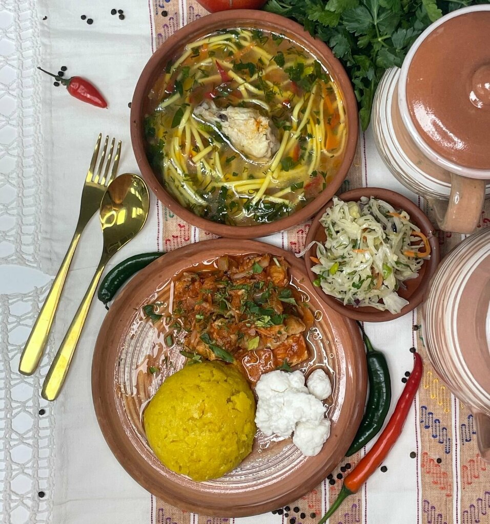 Полноценный обед за 80 лей включает в себя суп (350 мл) и второе (100 гр мяса и 200 гр ганира) 4 кусочка хлеба чиабатта и приборы
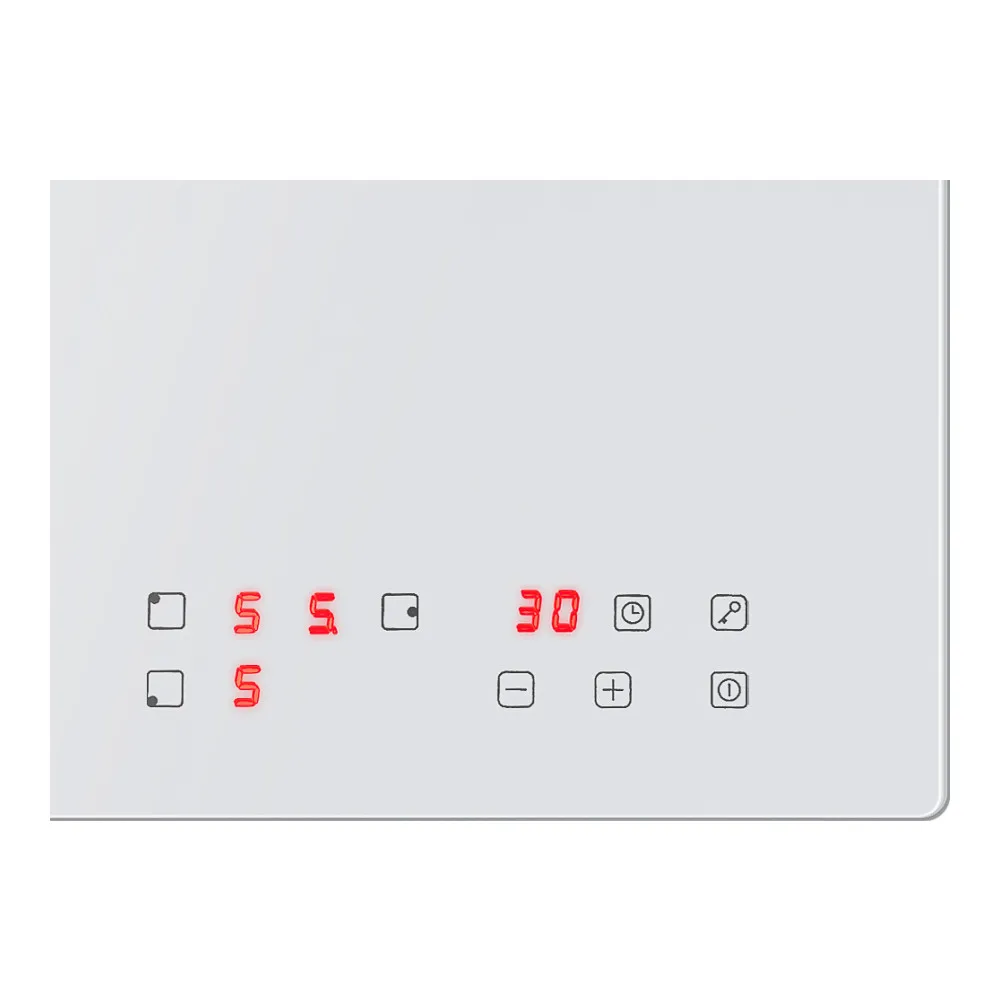 Панель конфорок стеклокерамика Индикация остаточного тепла да Конфорок индукционных 3 Глубина варочной поверхности 52 см Таймер да Высота варочной поверхности 5.2 см Гарантия 12 мес Всего конфорок 3 Ширина варочной поверхности 49 см Цвет панели конфорок черный \ белый Дизайн Домино нет Страна производитель Китай Размер ниши для встраивания (ШхГ) 42х49 см Переключатели сенсорныеВНЕШНИЙ ВИД ТОВАРА
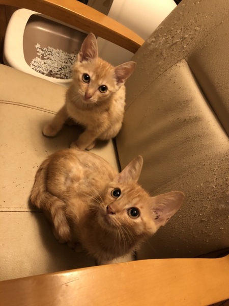 | 特徴(性格など) | 茶トラ猫二匹です 甘えますが、音に敏感です。二匹でいっつもくっついてねてます。トイレおぼえれません。 |
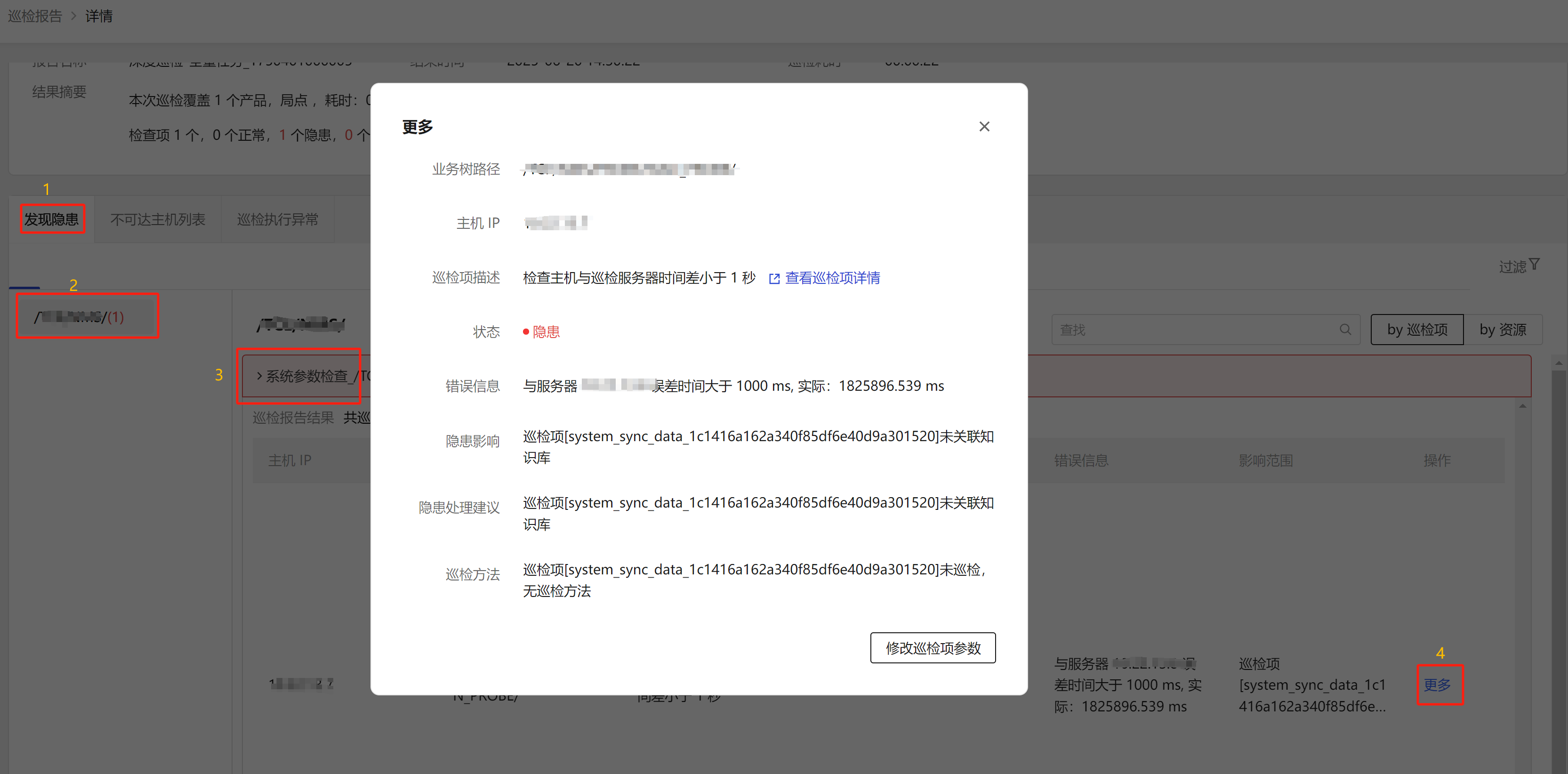 当前页面的产品名称后出现不为0的红色数量时,说明当前巡检任务发现被巡检产品存在隐患,可点击对应【产品】,展开红色的巡检组,点击异常状态巡检项的【更多】,可查看详细的巡检结果内容。
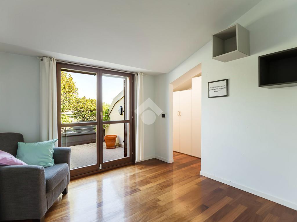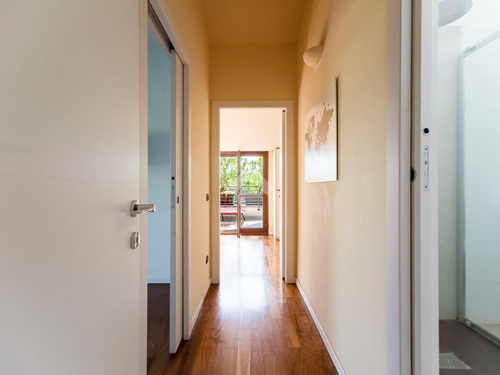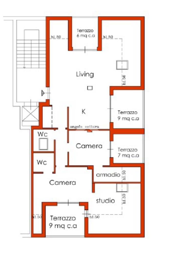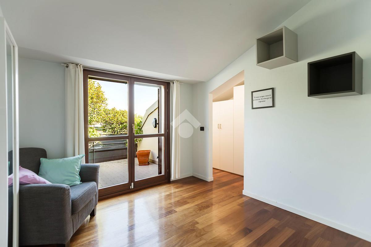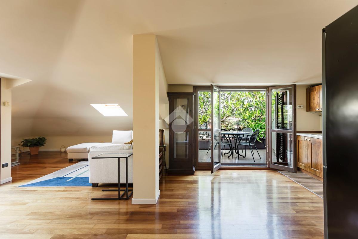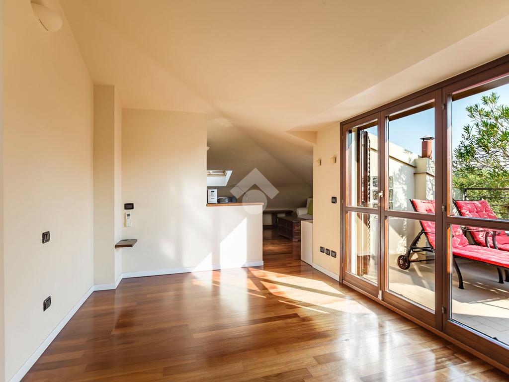L'appartamento ha un ingresso su soggiorno con cucina a vista, disimpegno che separa la zona notte, dove troviamo un primo bagno di servizio finestrato. camera da letto matrimoniale con cabina armadio, una seconda camera da letto con un bagno privato ed un angolo studio. La soluzione ha quattro terrazzi e gode di una tripla esposizione.
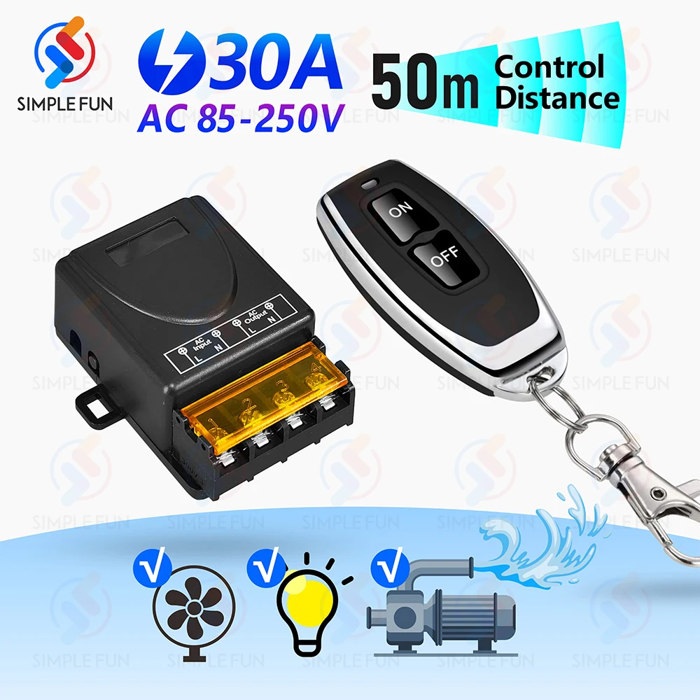 Wireless Remote Control Switch 433Mhz 110V 220V 230V 30A , 50m ON/OFF Transmitter, High Power Relay Module, for Pump Lamp Fan DIY  Read more
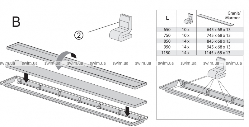 SANIT Опорный элемент (14 шт.) для дренажного канала с последующей облицовкой плиткой
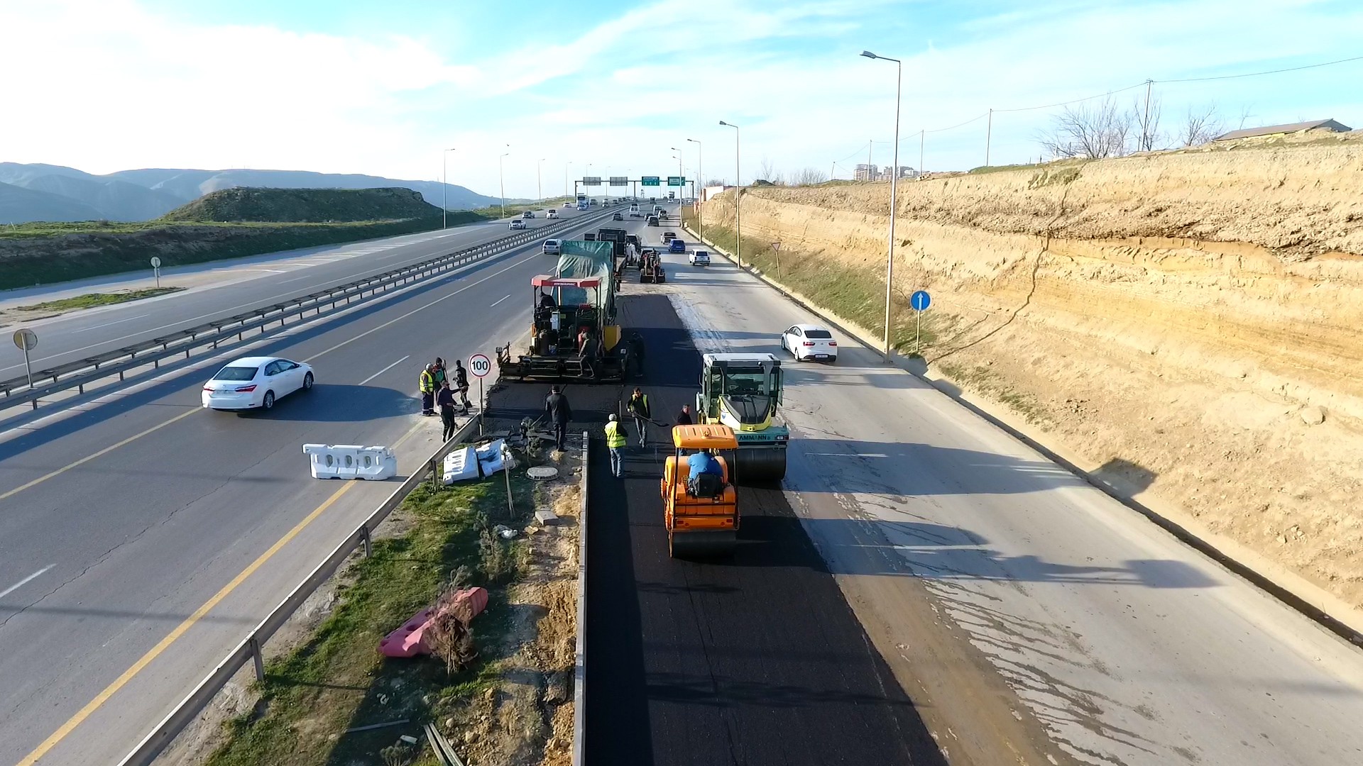 Təmir işləri zamanı çatlar əmələ gəlmiş hissələrdə köhnə asfalt beton örtüyünün üst qatı frezlənərək kənara daşınıb, əvəzinə yeni asfalt-beton örtüyünün döşənməsi işləri həyata keçirilib. Asfaltlanma işləri ümumilikdə 60 min kv.m-dən çox sahəni əhatə edib.

********

* **Assignment**: Down to the last line, reproduce the material above exactly; skip its images.

* **Task solution**:
 Полноценный обед за 80 лей включает в себя суп (350 мл) и второе (100 гр мяса и 200 гр ганира) 4 кусочка хлеба чиабатта и приборы
 Панель конфорок стеклокерамика Индикация остаточного тепла да Конфорок индукционных 3 Глубина варочной поверхности 52 см Таймер да Высота варочной поверхности 5.2 см Гарантия 12 мес Всего конфорок 3 Ширина варочной поверхности 49 см Цвет панели конфорок черный \ белый Дизайн Домино нет Страна производитель Китай Размер ниши для встраивания (ШхГ) 42х49 см Переключатели сенсорныеВНЕШНИЙ ВИД ТОВАРА
 | 特徴(性格など) | 茶トラ猫二匹です 甘えますが、音に敏感です。二匹でいっつもくっついてねてます。トイレおぼえれません。 |
 当前页面的产品名称后出现不为0的红色数量时,说明当前巡检任务发现被巡检产品存在隐患,可点击对应【产品】,展开红色的巡检组,点击异常状态巡检项的【更多】,可查看详细的巡检结果内容。
L'appartamento ha un ingresso su soggiorno con cucina a vista, disimpegno che separa la zona notte, dove troviamo un primo bagno di servizio finestrato. camera da letto matrimoniale con cabina armadio, una seconda camera da letto con un bagno privato ed un angolo studio. La soluzione ha quattro terrazzi e gode di una tripla esposizione.
 Wireless Remote Control Switch 433Mhz 110V 220V 230V 30A , 50m ON/OFF Transmitter, High Power Relay Module, for Pump Lamp Fan DIY  Read more
 SANIT Опорный элемент (14 шт.) для дренажного канала с последующей облицовкой плиткой
 Təmir işləri zamanı çatlar əmələ gəlmiş hissələrdə köhnə asfalt beton örtüyünün üst qatı frezlənərək kənara daşınıb, əvəzinə yeni asfalt-beton örtüyünün döşənməsi işləri həyata keçirilib. Asfaltlanma işləri ümumilikdə 60 min kv.m-dən çox sahəni əhatə edib.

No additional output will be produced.